When is a chair not a chair?: Ilse Crawford x Conde House
Historia de la marca de Simon Keane-Cowell
Hokkaido, Japón
30.04.20
Or not just a chair? The punchline: when it's deployed by pioneering, London-based designer Ilse Crawford, whose enviable portfolio of projects is driving a reevaluation of the very role of interior design.
Ilse Crawford: 'I believe that if you want sustainable, long-lasting, liveable buildings that people love, interior design is absolutely a need-to-have'
Ilse Crawford: 'I believe that if you want sustainable, long-lasting, liveable buildings that people love, interior design is absolutely a need-to-have'
×Don’t be fooled by Ilse Crawford.
She may be one of the most likeable people you could meet in the design industry, but she’s got beef. Not with anyone in particular, you understand, but rather with the way in which the interior landscapes we inhabit so often do us a major disservice. Motivated by, among other things, a frustration with what she describes as ‘soulless spaces, careless spaces, spaces without value or values’, no one perhaps has done more in recent years – via her London design practice Studioilse, and through her teaching – to demonstrate just how effective, and affective, interiors can and should be. Well-considered environments for the well-being of those who live, visit and work in them.

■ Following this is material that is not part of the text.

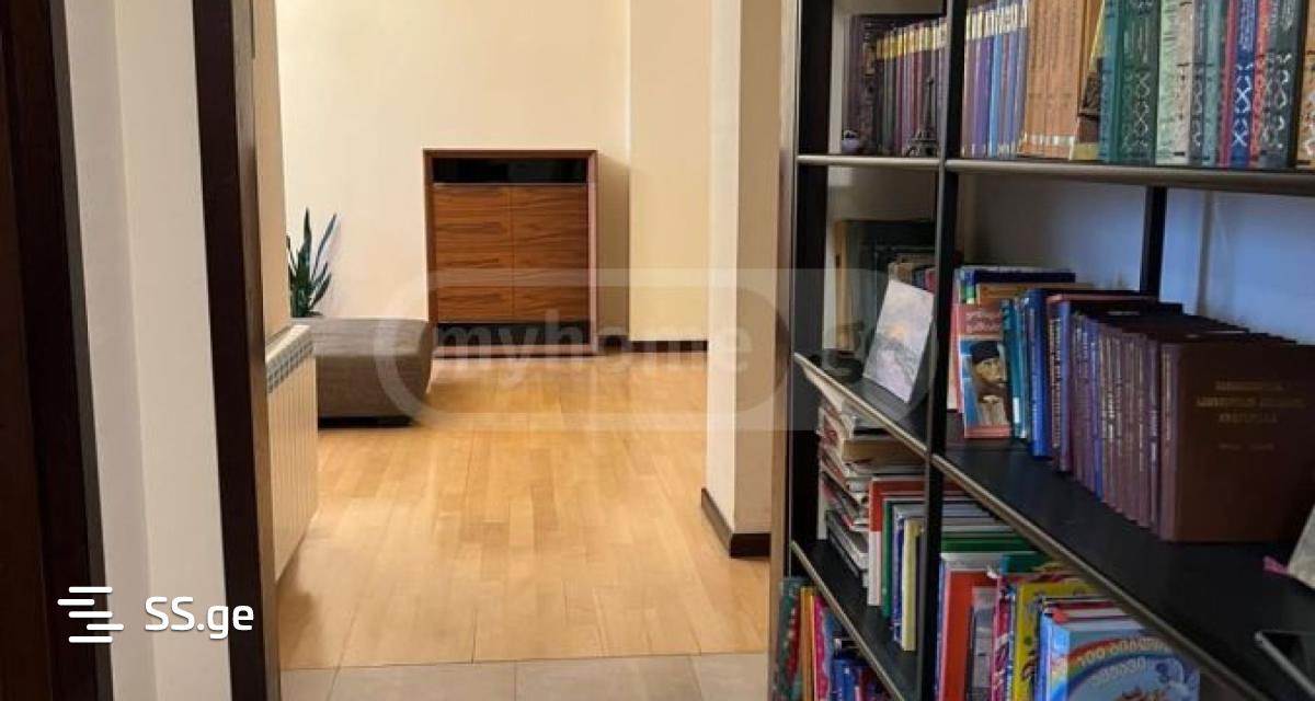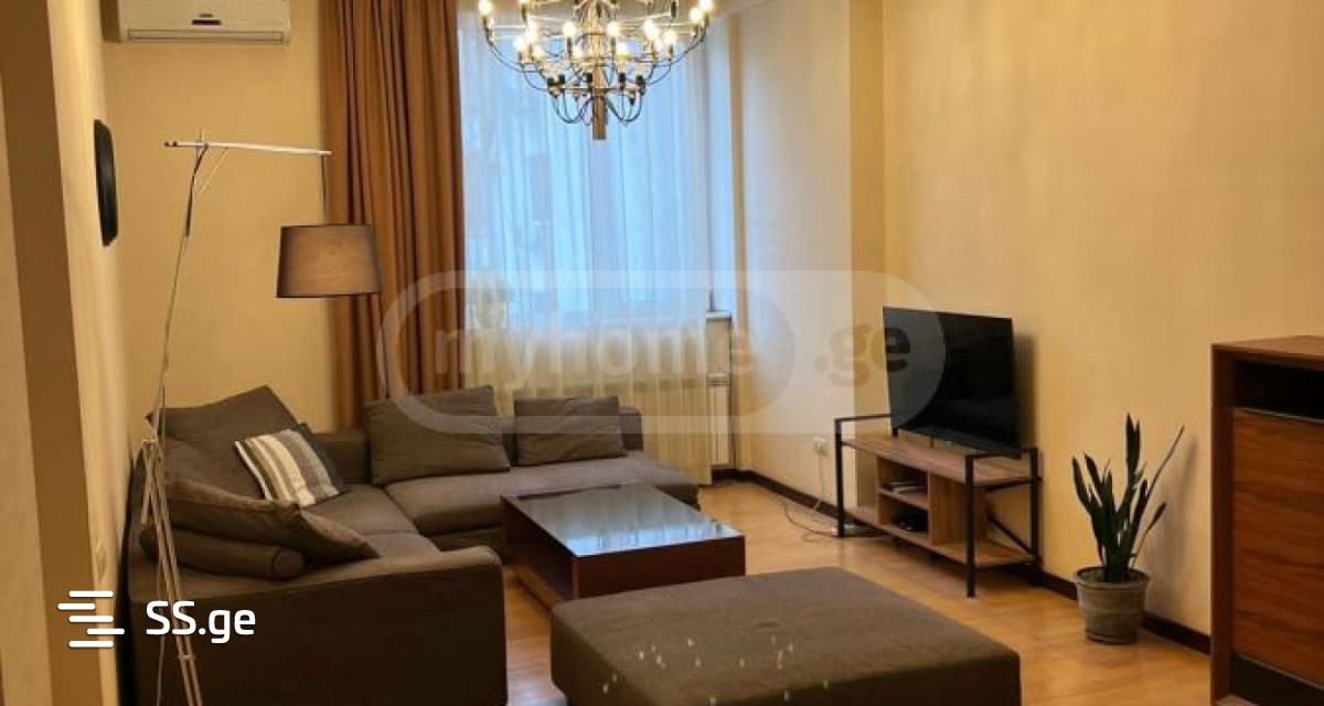 Apartment for rent at 9 Vladimir Gabashvili (formerly 17 Kipshidze). Area 95 square meters, three-room apartment. With two bedrooms, one bathroom and kitchen.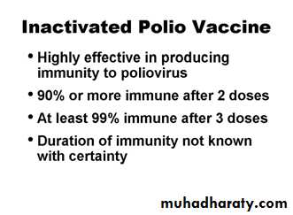 Type specific immunity of life longRate of paralysis among infected non immune adults higher than those in infants & young children.

For Crawford, there’s more at stake when developing a concept than utilitarian function or optics. Having headed up the Man + Well-Being course at the Design Academy Eindhoven for over two decades, the designer is committed to an approach predicated on the idea that physical and psychological comfort are themselves a major return on project investment. The financial argument alone is a cogent one: a space that has a positive emotional impact on its users is a space that’s longer-lasting and more sustainable.
'Even outside of Covid lockdowns, we apparently spend at least 87% of our time inside buildings. They profoundly affect who we are'
With furniture playing an important role in the articulation of an interior – and, indeed, being the most immediate point of contact that we have with that space – it should come as no surprise that Crawford applies the same criteria to its performance and meaning as she does to a project in its entirety. Here, in an interview conducted via email due to the Covid-19 outbreak, she discusses the challenges she still faces in her praxis, and why, in particular, she specified wood-furniture specialists Conde House’s chairs for a number of her high-profile projects.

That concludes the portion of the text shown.